## WHAT THE TASK REQUIRES
The full listing should be written out verbatim, and its images should be dropped.

## DATA BLOCK

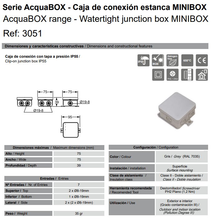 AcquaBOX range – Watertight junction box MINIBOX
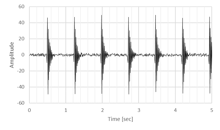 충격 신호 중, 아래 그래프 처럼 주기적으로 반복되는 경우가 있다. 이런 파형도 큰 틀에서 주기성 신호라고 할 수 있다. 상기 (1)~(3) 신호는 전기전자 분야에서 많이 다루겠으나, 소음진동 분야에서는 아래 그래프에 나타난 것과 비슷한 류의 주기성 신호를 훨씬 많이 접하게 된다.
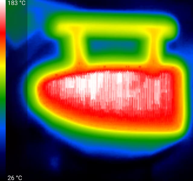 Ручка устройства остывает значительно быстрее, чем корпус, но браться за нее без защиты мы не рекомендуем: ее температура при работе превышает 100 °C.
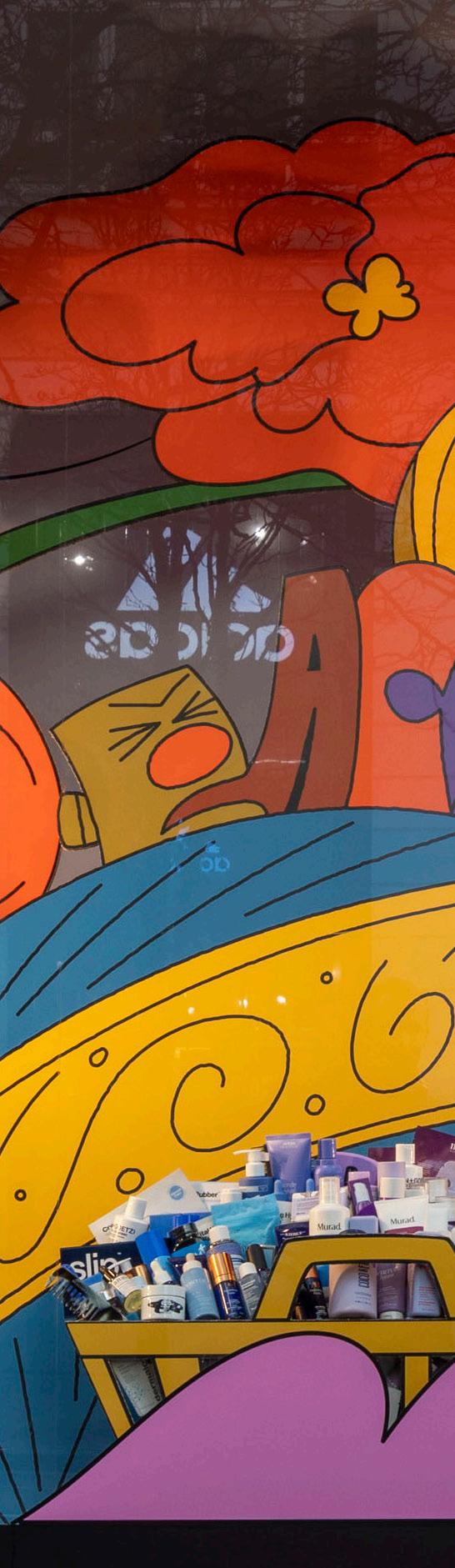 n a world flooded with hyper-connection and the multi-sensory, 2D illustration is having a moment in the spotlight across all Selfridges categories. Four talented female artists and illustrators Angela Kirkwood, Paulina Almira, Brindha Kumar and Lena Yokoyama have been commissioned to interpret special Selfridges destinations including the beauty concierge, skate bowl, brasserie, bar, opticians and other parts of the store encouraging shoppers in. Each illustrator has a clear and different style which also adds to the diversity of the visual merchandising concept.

## RESPONSE AREA
 AcquaBOX range – Watertight junction box MINIBOX
 충격 신호 중, 아래 그래프 처럼 주기적으로 반복되는 경우가 있다. 이런 파형도 큰 틀에서 주기성 신호라고 할 수 있다. 상기 (1)~(3) 신호는 전기전자 분야에서 많이 다루겠으나, 소음진동 분야에서는 아래 그래프에 나타난 것과 비슷한 류의 주기성 신호를 훨씬 많이 접하게 된다.
 Ручка устройства остывает значительно быстрее, чем корпус, но браться за нее без защиты мы не рекомендуем: ее температура при работе превышает 100 °C.
 n a world flooded with hyper-connection and the multi-sensory, 2D illustration is having a moment in the spotlight across all Selfridges categories. Four talented female artists and illustrators Angela Kirkwood, Paulina Almira, Brindha Kumar and Lena Yokoyama have been commissioned to interpret special Selfridges destinations including the beauty concierge, skate bowl, brasserie, bar, opticians and other parts of the store encouraging shoppers in. Each illustrator has a clear and different style which also adds to the diversity of the visual merchandising concept.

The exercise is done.